Drug convictions can reduce college student aid
A drug offense conviction can reduce your chances of getting a job, obtaining housing and paying for a higher education. Being convicted before seeking financial aid or while you are in college can impact your ability to obtain grants, loans and work-study opportunities.
College financial aid eligibility depends on your current situation relating to any drug possession or trafficking conviction. A person currently serving time for a drug conviction is ineligible for a federal Pell Grant or federal student loan.
Federal Supplemental Educational Opportunity Grant and work study opportunities are also limited. After release, most restriction are removed. Eligibility is also restricted by convictions that arose when a student is receiving for financial aid.
Applicants completing a Free Application for Federal Student Financial Aid must answer questions on whether they were ever convicted of a drug-related crime while they were receiving federal financial aid. Applicants who answer affirmatively have to complete a worksheet used by the federal government to evaluate financial aid eligibility.
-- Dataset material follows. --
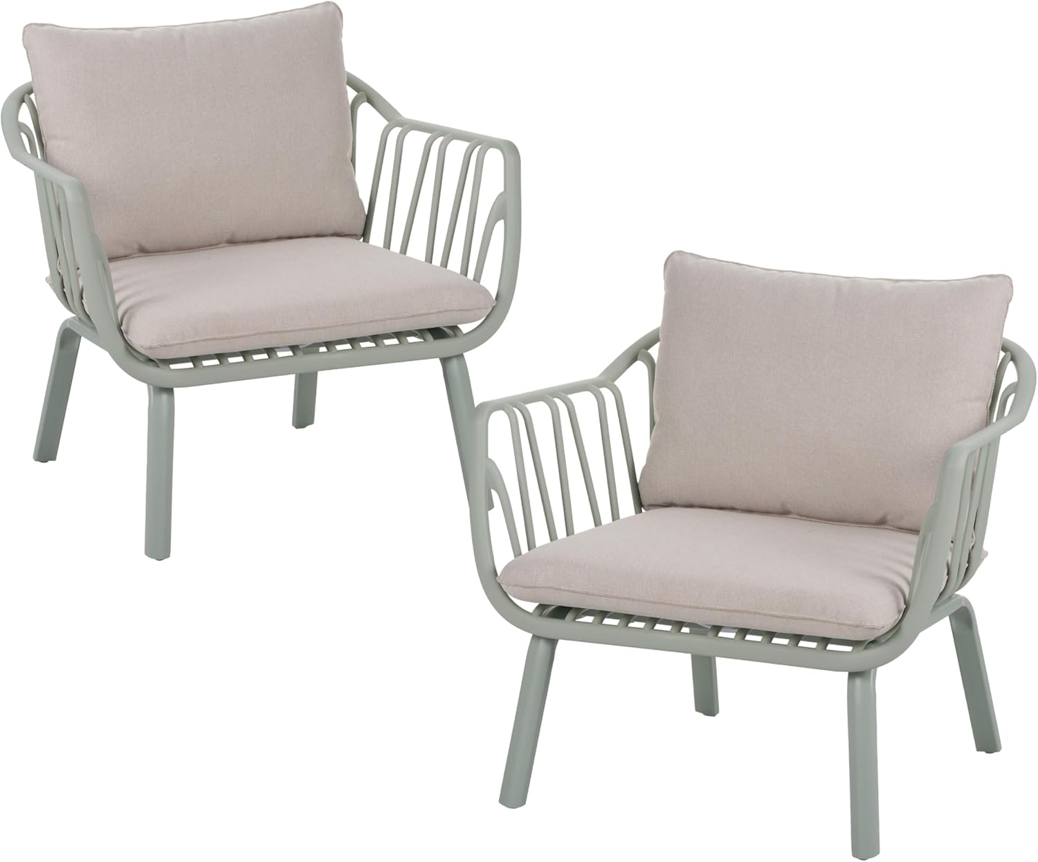 | Item Type Name | Set of 2 Huron Indoor/Outdoor Polypropylene and Iron Frame Club Chairs, Patio Conversation Seating/Armchair for Garden, Backyard, Poolside, Removable Cushions |
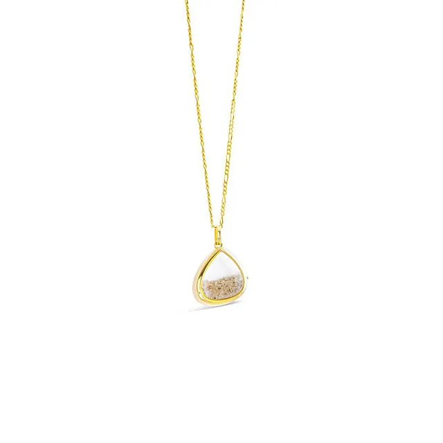 Open the secure hinged clasp to fill the locket with your chosen material—sand, soil, or other tiny keepsakes. Close the locket securely, adjust the Figaro chain from 16″ to 20″ for your preferred fit, and wear it close to your heart. This jewelry piece is designed to keep memories safe while showcasing a beautiful, polished design.

** Aid ineligibility depends on the type of conviction and whether there were other earlier offenses. The periods of ineligibility for conviction of possessing illegal drugs are:
- One year for first offense
- Two years for second offense
- Indefinitely for third offense
The ineligibility periods for convictions of selling illegal drugs are:
- Two years for first offense
- Indefinitely for second and subsequent convictions
** Eligibility for federal grants and student loans will be suspended for at least one year after conviction of a drug crime while receiving financial aid. Periods of ineligibility depend on the crime and type of conviction.
Students, however, may become eligible quicker by completing an approved drug rehabilitation program or passing two surprise drug tests administered by an approved drug rehabilitation program. A conviction that is overturned or deleted from a student’s record does not impact federal aid eligibility. Juvenile convictions do not affect eligibility unless the student was tried as an adult.
Attorneys can assist students facing these and other consequences for drug offenses. They can help provide a legal defense and protect their rights.